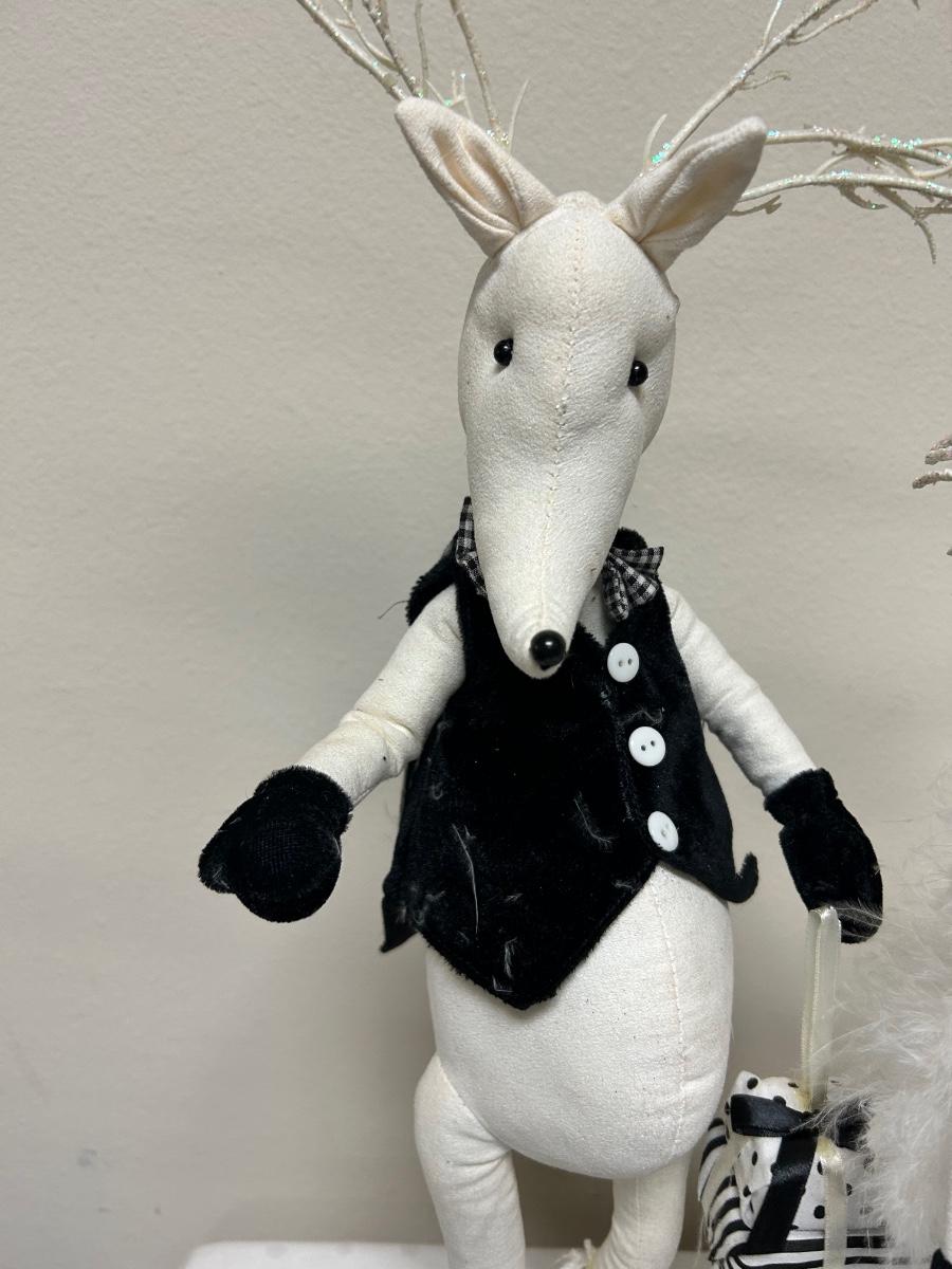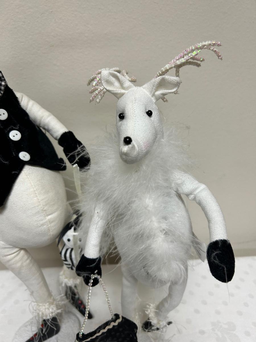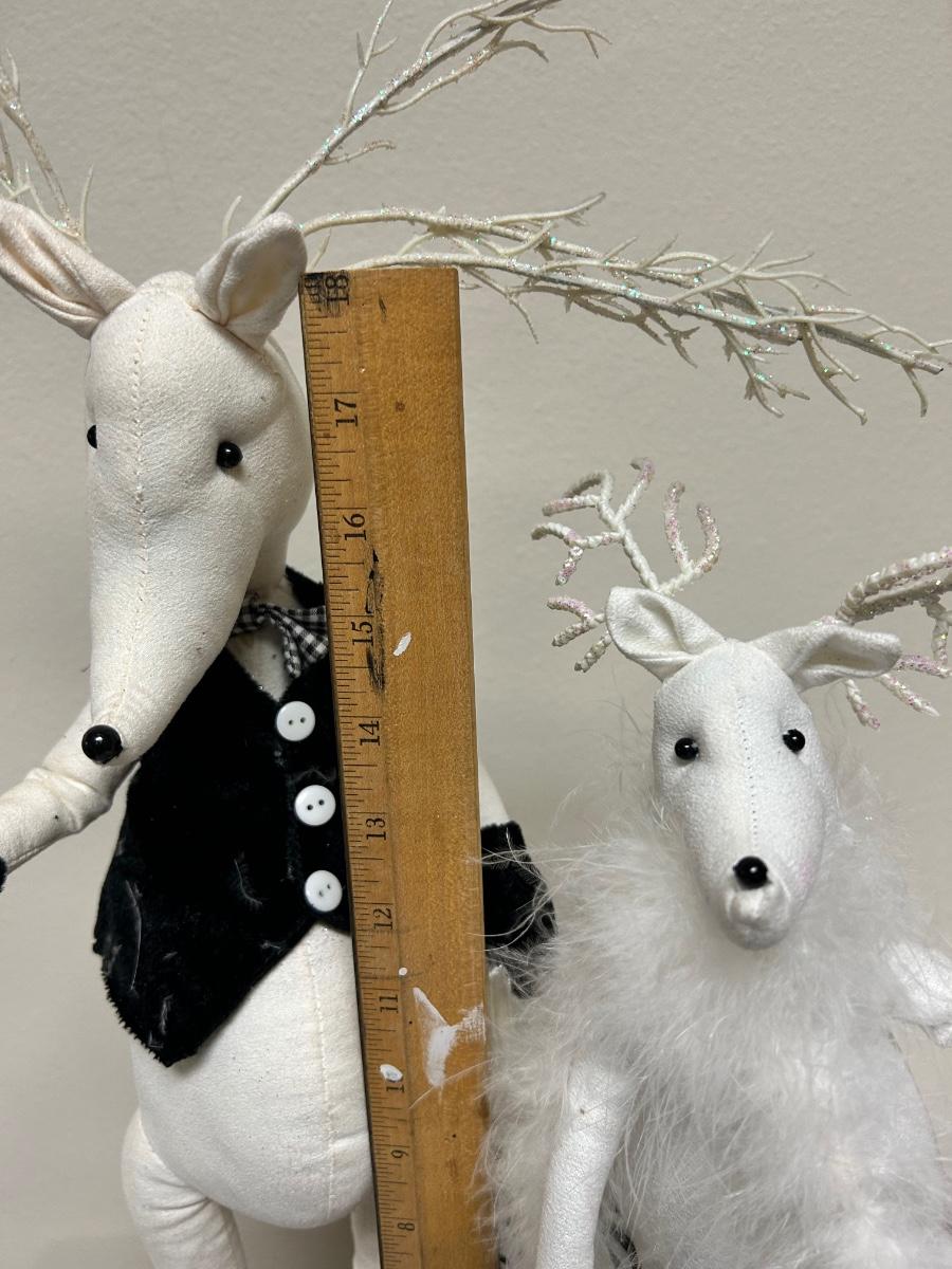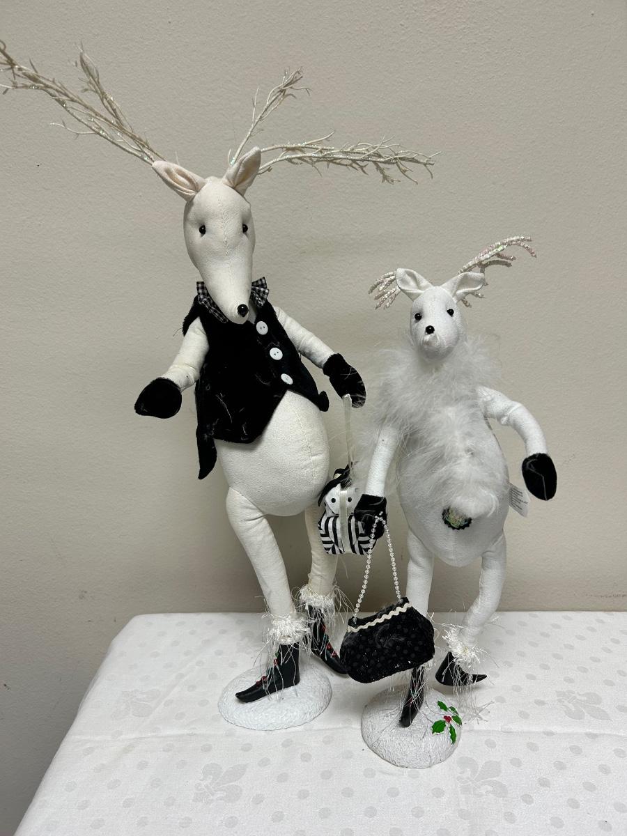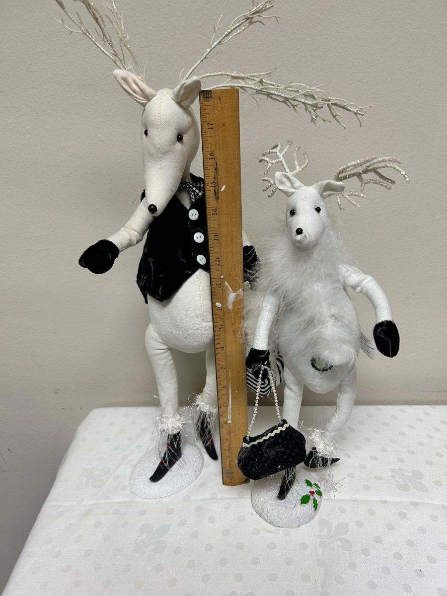 Black and White Slender Reindeer Plush Figurines Christmas Holiday Decor. In previously displayed condition, may be a little dusty.
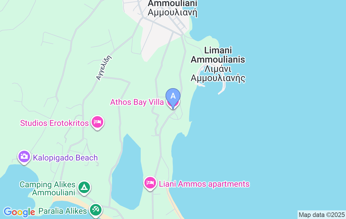 Athos Bay Villa je udaljena od luke 800m, od centralnog trga 950m, dok udaljenost luke, iz koje polaze trajekti za ostrvo Amuljani, od najbližeg aerodroma u Solunu, iznosi 110km.
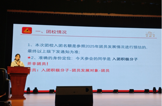 接着,校团委委员张何淼老师面向全体入团积极分子,宣读团校组织章程、介绍团课设置、明确入团要求和规范流程,希望积极分子能够珍惜学习机会,不断提升自己的综合素质,为早日成为一名光荣的共青团员而努力奋斗。
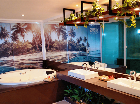 À medida que a tarde se aproxima, você pode relaxar na sauna interna privativa, um luxo reservado apenas para você, onde o vapor quente e perfumado ajuda a revitalizar corpo e mente. Mais tarde, um jantar servido com excelência no conforto da sua suíte complementa o dia perfeito.
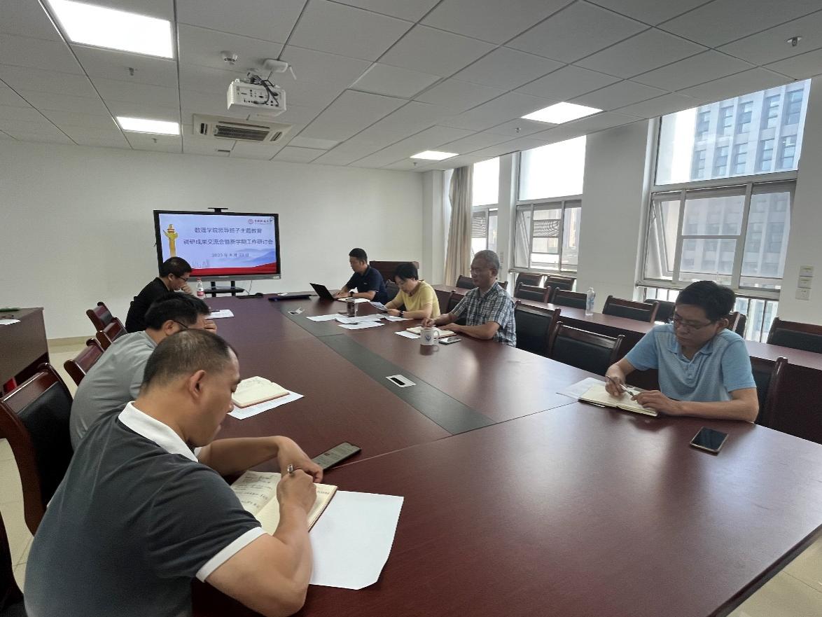 会前,学院党委理论学习中心组学习传达了学校领导班子主题教育调研成果交流会精神,重点学习了校党委书记黄晓玫所作的题为《以高质量党建引领保障学校事业高质量发展》和校长王焰新所作的题为《优化学科专业布局,加强一流学科建设》两个调研报告内容,分享了学校领导班子成员围绕强化党建引领保障加强党的建设和组织统战工作、落实“时代新人铸魂工程”、 推进产教融合强化培养就业全联动、构建高质量人才培养体系、推进有组织科技创新、优化多校区运行管理、大型仪器设备开放共享及管理绩效提升、落实“三重一大”决策制度执行情况、加强附属学校建设与发展等方面所做的调研成果汇报,与会人员结合学院实际情况进行了充分的学习体会交流和研讨。
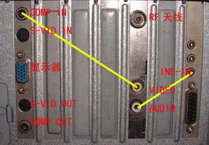其次是把视频线、音频线、闭路电视天线按正确的连接方式连接好。用视频线将股票卡视频VIDEO接口和显卡视频输入COMP-IN接口连接起来;用音频线将音频AUDIO口和声卡音频输入LINE-IN接口连接起来(注意音频线要用莲花头转三芯3.5mm头,莲花头接股票卡AUDIO音频输出,3.5mm头接声卡音频输入);股票卡RF天线接口接闭路电视天线。
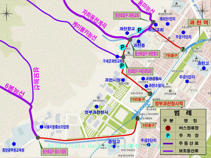 - 과천향교~케이블카승차장~용마능선산불감시초소~용마능선~용마봉~사당능선 6거리안부
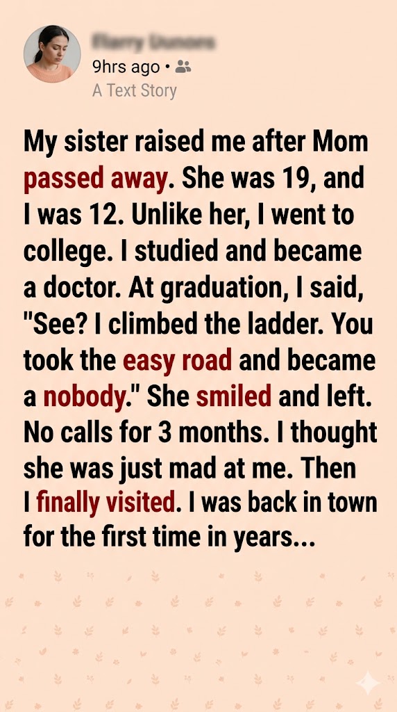When I was twelve, our mother died. I was lost in grief, but my nineteen-year-old sister became my anchor. She abandoned her own dreams, worked multiple jobs, and transformed a tiny apartment into a home where I felt safe and cared for. She stretched every dollar, turned exhaustion into strength, and carried both our grief and our future on her shoulders.
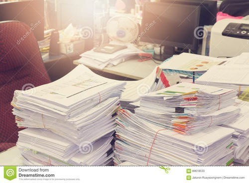 Him'看着桌上的公务'
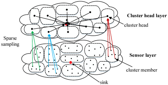 To ensure the success of sparse sampled data gathering without waking up all nodes, a sparse sampling data gathering scheme is proposed in clustered WSNs. In clustered WSNs, all nodes are divided into multiple clusters, and each cluster contains one cluster head (CH) and a number of cluster members (CMs). The cluster head is selected for each round to communicate with the sink, and the cluster members only communicate with CHs in their clusters. The proposed sparse sampling data gathering scheme based on clustered WSNs is shown in Figure 1. For clarity, nodes are divided into two layers: sensor layer containing CMs in each cluster and cluster head layer containing all CHs. Sparse sampling is adopted for CMs in each cluster, that is, only partial CMs wake up and transmit the sensed data to the CH. The CHs transmit the received data and its own sensed data to the sink. It is worth noting that several CHs which locate far from sink node can communicate with sink using multi-hop transmission. For simplicity, only direct communication between CHs and the sink is illustrated in Figure 1.

___

__Task__
Since the pictures are not part of the copy, please transcribe only the lines above from the one with "其次是把视频线、音频线、闭路" through the one with "- 과천향교~케이블카승차장~용마능선산불감시초소~용마능선~용마봉~사당능선 6거리안부", exactly and with both ends.

__Expected output__
其次是把视频线、音频线、闭路电视天线按正确的连接方式连接好。用视频线将股票卡视频VIDEO接口和显卡视频输入COMP-IN接口连接起来;用音频线将音频AUDIO口和声卡音频输入LINE-IN接口连接起来(注意音频线要用莲花头转三芯3.5mm头,莲花头接股票卡AUDIO音频输出,3.5mm头接声卡音频输入);股票卡RF天线接口接闭路电视天线。
 - 과천향교~케이블카승차장~용마능선산불감시초소~용마능선~용마봉~사당능선 6거리안부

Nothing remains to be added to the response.